Northern Light faces wide vaccine disparities across system as it plans inoculation requirement
By David Marino Jr., Bangor Daily News Staff
Northern Light Health faces wide disparities in vaccination rates across its 10 hospitals as the health system prepares to become one of the state’s largest employers to require COVID-19 vaccinations.
Northern Light said Aug. 2 that it would require that all of its more than 12,000 employees be vaccinated once one of the three available vaccines receives general authorization from the U.S. Food and Drug Administration. The three vaccines currently have emergency use authorization from the FDA, with general approval of the Pfizer-BioNTech shot expected within the next few months.
Those who refuse to get vaccinated without qualifying for exemptions would not be put back on the schedule, Chief Human Resources Officer Paul Bolin said Aug. 2. No employees who start after the FDA grants general approval will be hired unless they are inoculated.
About 79 percent of Northern Light employees statewide were vaccinated as of July 20, Bolin said. That rate varies widely across the system’s 10 hospitals, however, largely reflecting the county-by-county variations in immunization among the general population. Vaccination rates also differ between positions, with physicians and nurses having higher rates than those in other positions, Bolin said.

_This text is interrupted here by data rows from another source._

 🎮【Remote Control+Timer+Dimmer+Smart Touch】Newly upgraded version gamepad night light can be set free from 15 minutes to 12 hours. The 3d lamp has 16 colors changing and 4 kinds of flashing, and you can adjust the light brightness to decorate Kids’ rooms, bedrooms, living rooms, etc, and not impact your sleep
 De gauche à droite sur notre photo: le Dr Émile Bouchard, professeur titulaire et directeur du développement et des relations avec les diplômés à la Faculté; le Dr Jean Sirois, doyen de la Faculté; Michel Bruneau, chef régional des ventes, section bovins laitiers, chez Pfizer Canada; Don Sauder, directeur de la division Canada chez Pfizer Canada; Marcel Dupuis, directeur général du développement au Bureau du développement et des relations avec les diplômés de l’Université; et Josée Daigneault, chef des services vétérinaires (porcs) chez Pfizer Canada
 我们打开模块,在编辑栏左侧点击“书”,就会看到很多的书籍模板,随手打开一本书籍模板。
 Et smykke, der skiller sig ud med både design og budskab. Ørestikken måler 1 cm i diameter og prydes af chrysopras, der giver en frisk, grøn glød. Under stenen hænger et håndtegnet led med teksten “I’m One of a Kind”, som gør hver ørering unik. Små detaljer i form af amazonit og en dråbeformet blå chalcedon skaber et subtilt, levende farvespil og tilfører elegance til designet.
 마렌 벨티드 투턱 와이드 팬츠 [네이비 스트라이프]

Mayo Hospital in Dover-Foxcroft and Sebasticook Valley Hospital in Pittsfield had the lowest vaccination rates, with about 65 percent of employees at the two hospitals fully vaccinated as of June 30, according to Maine Center for Disease Control and Prevention data. About three-quarters of Eastern Maine Medical Center employees in Bangor were fully vaccinated, with almost half of all unvaccinated employees across the system working at the Bangor hospital.
Northern Light Mercy Hospital in Portland recorded the highest vaccination rate in the system, with 84 percent of employees vaccinated. Northern Light Blue Hill Hospital was close behind with 83 percent of employees vaccinated. Nearly 80 percent of employees at A.R. Gould Hospital in Presque Isle, C.A. Dean Hospital in Greenville and Maine Coast Hospital in Ellsworth were vaccinated.

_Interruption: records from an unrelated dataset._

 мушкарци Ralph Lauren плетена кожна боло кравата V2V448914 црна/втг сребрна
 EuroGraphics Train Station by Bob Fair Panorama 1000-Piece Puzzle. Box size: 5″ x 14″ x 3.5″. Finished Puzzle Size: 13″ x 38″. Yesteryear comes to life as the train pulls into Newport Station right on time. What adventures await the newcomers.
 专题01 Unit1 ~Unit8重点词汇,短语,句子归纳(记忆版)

The Brewer-based hospital system’s decision came after weeks of deliberation and in response to the spread of the delta variant of the coronavirus. As cases rise in Maine, health system officials said they needed to have employees prepared to respond and at far less risk of contracting the virus themselves.
Many unvaccinated employees have cited the shot’s emergency use authorization as the reason why they have not yet been vaccinated, Northern Light Chief Quality Officer Dr. Navneet Marwaha said Aug. 2. That’s a major reason why Northern Light will wait for general use authorization to mandate the shot, Marwaha said.
Education is key to motivating unvaccinated employees to get the shot, especially in hospitals with lower vaccination rates, Marwaha said.
She said some female employees had been concerned that the shot would affect their reproductive health, a common concern. Those employees had been connected with specialists within the system who could speak about the vaccine being safe and effective.
The American College of Obstetricians and Gynecologists recommends that pregnant women and breastfeeding mothers get vaccinated and points out that claims linking the vaccine with infertility are unfounded.
“Our strategy is really to understand the reasons for vaccine hesitancy,” said Marwaha, who noted that the impetus behind not getting the shot varied from employee to employee.
Those who get rare religious or medical exemptions from the vaccination requirement would need to be tested twice a week for COVID-19 until the U.S. Centers for Disease Control and Prevention says that the pandemic is over, Bolin said. Those exemptions would be granted on a case-by-case basis.
Bolin and Marwaha were hopeful that the policy wouldn’t drive many employees out of the system. Yet they acknowledged that the road to full vaccination would not always be easy.
“Education does provide the basis for better-informed decisions and for higher levels of vaccination,” Bolin said. “But we know that there’s work to do.”